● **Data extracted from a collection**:
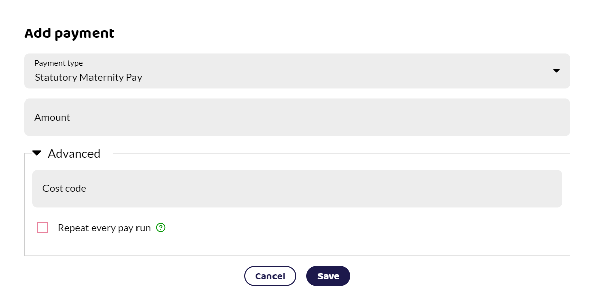 When you add a payment to an employee, you will see in the drop down menu that each statutory payment has its own name. Select which payment you need and enter the amount you are paying. You must use these pay elements if you wish to reclaim from HMRC through the system.
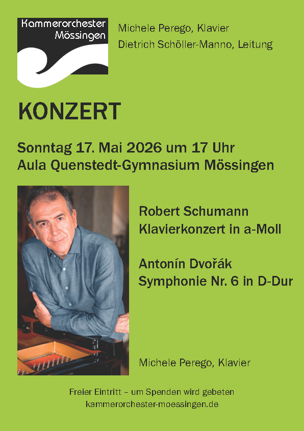 Das Kammerorchester Mössingen musiziert nach langer Auftrittspause wieder vor Publikum am Sonntag, den 26. März 2023, um 19:00 Uhr in der Aula des Quenstedt-Gymnasiums Mössingen unter der engagierten Leitung von Dietrich Schöller-Manno.
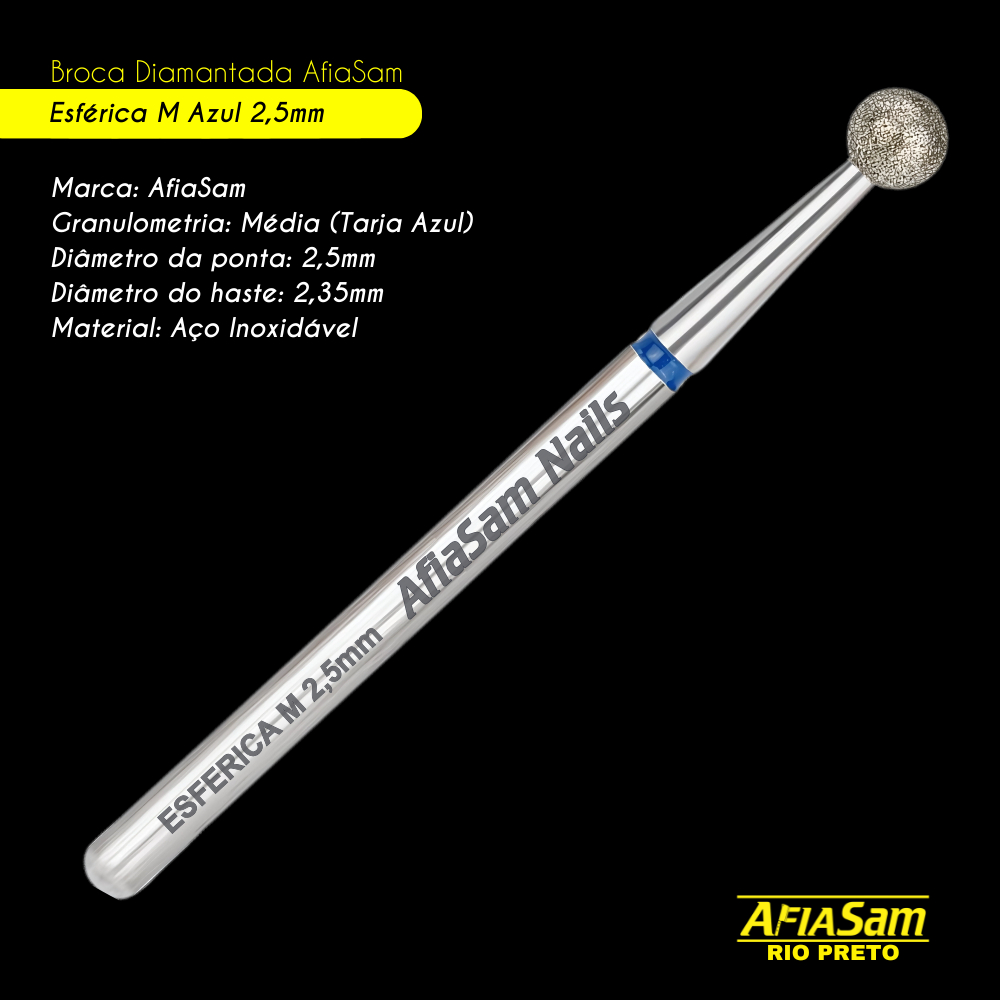 Kit 5 Broca Diamantada Esférica Azul 2,5mm Unhas Alongamento Contém: 5 Broca Diamantada Esférica Azul 2,5mm Marca: AfiaSam Nails Granulometria: Média (Tarja Azul) Tipo: Esférica Diâmetro da Ponta: 2,5mm Diâmetro da Haste: 2,35mm Padrão: PM (Peça de Mão) - Cabem em Modelos de Lixa Elétrica de Unhas que tenham o encaixe de 2,35mm ou o encaixe regulável. Material: Aço Inoxidável Uso: Para remoção de cutículas, abertura lateral das cutículas e desencravamento laterais das unhas Esterilização: Autoclave, Estufa e Química. Similar aos modelos FA01B025 / PM06 As Brocas Diamantadas são essenciais para técnicas delicadas, como a cutilagem russa. São usadas para remover cutículas, polir, nivelar, modelar, preparar a unha para alongamentos, retirar oleosidade, calosidades, gel e esmaltes. São chamadas de "diamantadas" por possuírem partículas de diamante na superfície, que oferecem abrasão precisa e eficiente. No entanto, não são recomendadas para a remoção de grandes volumes de material, pois isso pode causar o desgaste ou a perda dos grãos, comprometendo o desempenho da broca. Rotação recomendada: 15.000 a 25.000 RPM. Evite ultrapassar essa faixa de rotação, pois velocidades elevadas geram calor excessivo, o que compromete os grãos de diamante, reduz a vida útil da broca e pode causar danos à unha natural e à pele ao redor, além de desconforto e possíveis lesões.
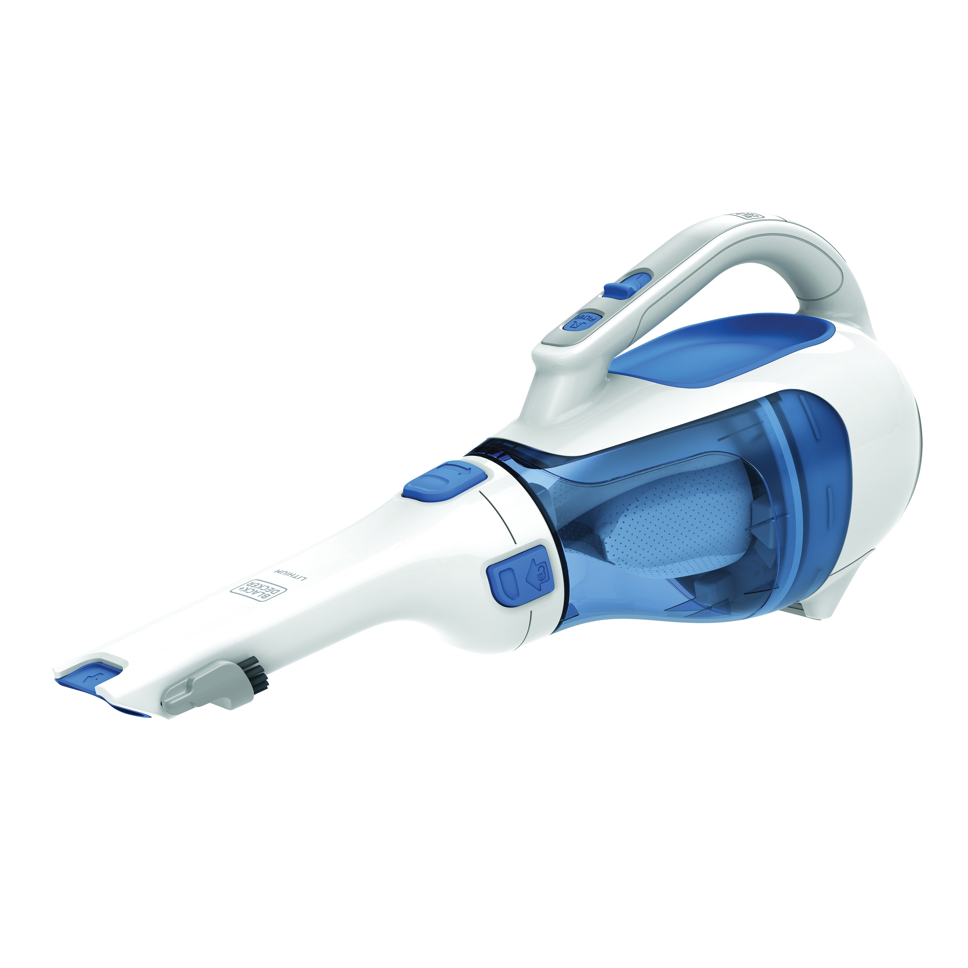 Black+Decker® HHVI320JR02 dust buster cordless lithium hand Vacuum, magic blue, is ideal for multipurpose cleaning in your home, garage, auto, boat. The lithium technology provides strong suction and extended run time. It has a washable bowl (20.6 Oz) and filter which allows for thorough cleaning between jobs. The translucent, bagless dirt bowl makes it easy to see dirt and easy to empty. This VAC has a rotating nozzle for a comfortable hand position when accessing hard to reach areas, along with an extendable crevice tool that provides access to hard to reach areas and a flip-up brush which allows you to dust and Vacuum upholstery.
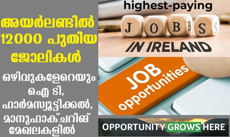 അയര്‍ലണ്ടില്‍ ആറുമാസത്തിനുള്ളില്‍ 12000 പുതിയ ജോലികള്‍ , ഒഴിവുകളേറെയും ഐ ടി, ഫാര്‍മസ്യൂട്ടിക്കല്‍, മാനുഫാക്ചറിങ് മേഖലകളില്‍
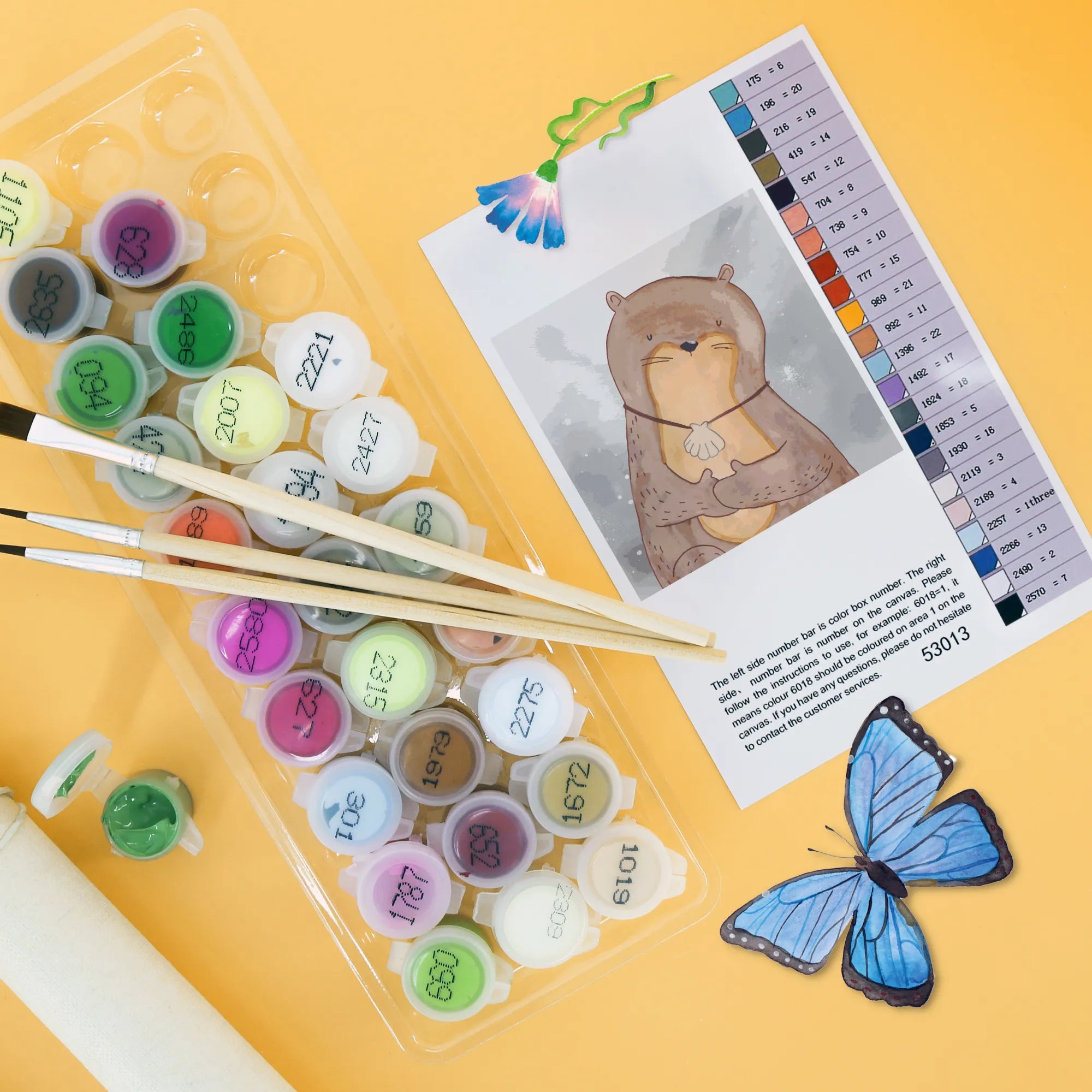 In conclusion, whether you're looking for a painting project to soothe your mind, a unique gift for your favorite animal lover, or simply a way to explore your creativity, the Paint by Numbers otter set is the ideal choice. Dive into the wonderful world of DIY painting today, and let this heartwarming otter remind you to embrace love, live freely, and worry less!
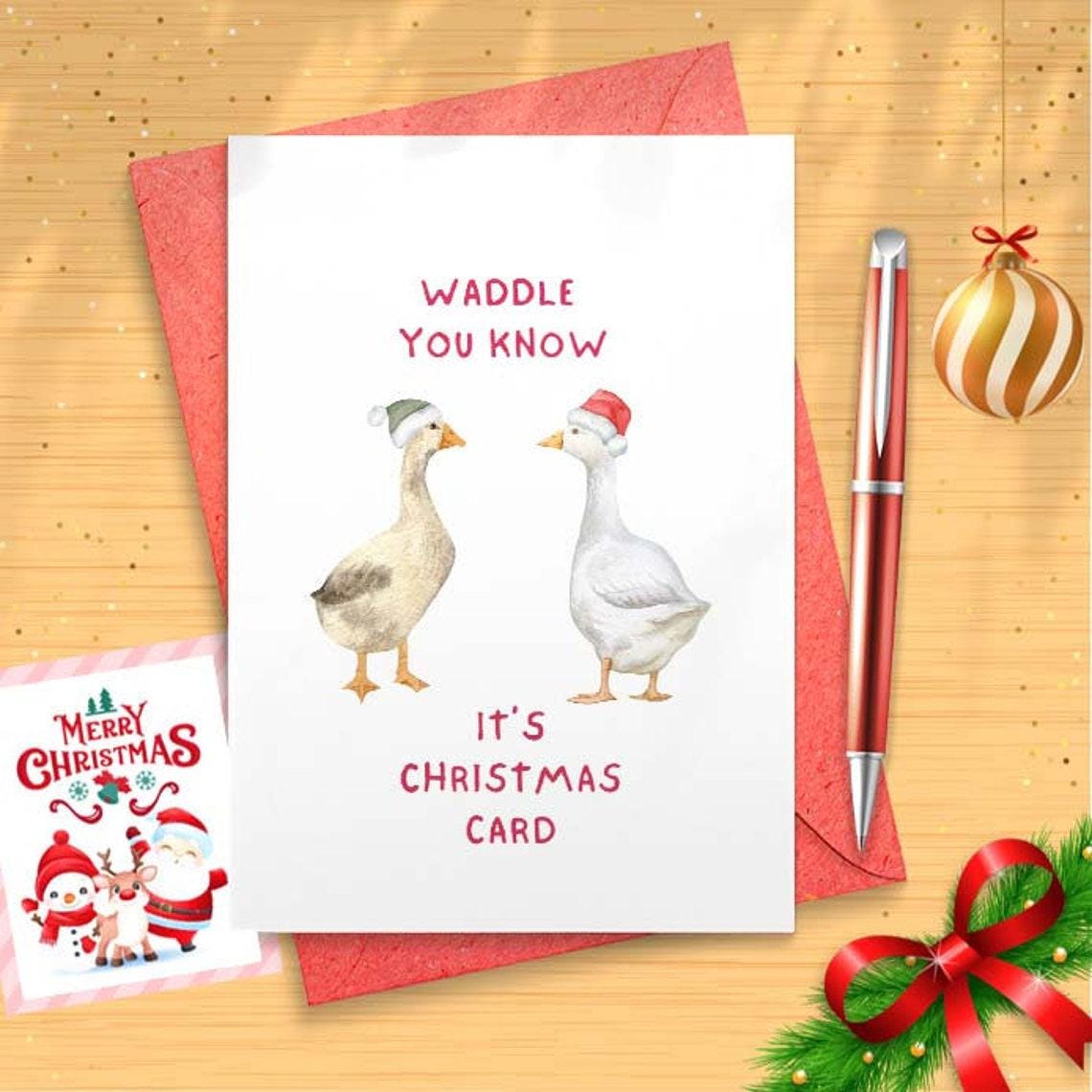 Duck Pun Holiday Card - Well Waddle You Know It's A Christmas - Fun Holiday Card For Friends and Family Made [CR]

● **What you are asked to do**:
Nothing but the lines from the first line of the records above to the line with "Das Kammerorchester Mössingen", inclusive, should be transcribed exactly, and the pictures must be left out.

● **Solution for this problem**:
 When you add a payment to an employee, you will see in the drop down menu that each statutory payment has its own name. Select which payment you need and enter the amount you are paying. You must use these pay elements if you wish to reclaim from HMRC through the system.
 Das Kammerorchester Mössingen musiziert nach langer Auftrittspause wieder vor Publikum am Sonntag, den 26. März 2023, um 19:00 Uhr in der Aula des Quenstedt-Gymnasiums Mössingen unter der engagierten Leitung von Dietrich Schöller-Manno.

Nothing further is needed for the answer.